General methods for construction of expression vectors are known in the art. Expression vectors for most host cells are commercially available. There are several commercial software products designed to facilitate selection of appropriate vectors and construction thereof, such as insect cell vectors for insect cell transformation and gene expression in insect cells, bacterial plasmids for bacterial transformation and gene expression in bacterial cells, yeast plasmids for cell transformation and gene expression in yeast and other fungi, mammalian vectors for mammalian cell transformation and gene expression in mammalian cells or mammals, viral vectors (including retroviral, lentiviral, and adenoviral vectors) for cell transformation and gene expression and methods to easily enable cloning of such polynucleotides. SnapGene™ (GSL Biotech LLC, Chicago, Ill.; snapgene.com/resources/plasmid files/your time is valuable/), for example, provides an extensive list of vectors, individual vector sequences, and vector maps, as well as commercial sources for many of the vectors.
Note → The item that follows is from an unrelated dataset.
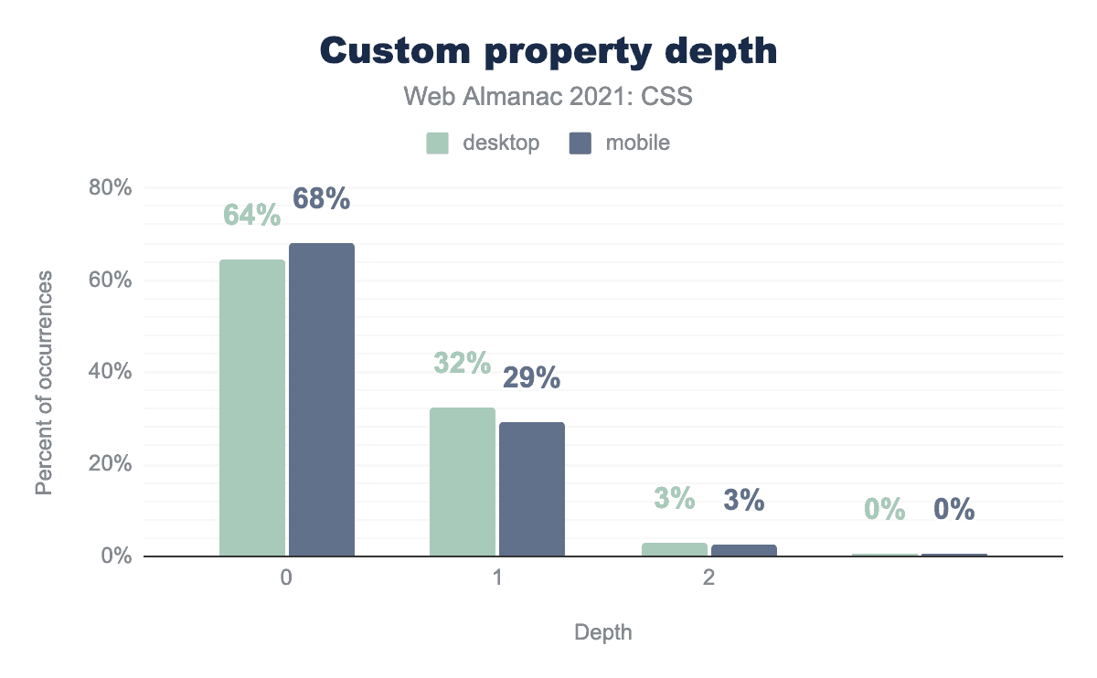 意外かもしれませんが、カスタムプロパティの値の深さは0のものが圧倒的に多く、他のカスタムプロパティの値を自分の値に含めていません。3分の1近くは値の深さが1段階で、2段階以上の値を持つカスタムプロパティはほとんどありません。

For example, the various components can be incorporated into mammalian vectors for use in mammalian cells. A large number of mammalian vectors suitable for use with the systems of the present invention are commercially available (e.g., from Life Technologies, Grand Island, N.Y.; NeoBiolab, Cambridge, Mass.; Promega, Madison, Wis.; DNA2.0, Menlo Park, Calif.; Addgene, Cambridge, Mass.).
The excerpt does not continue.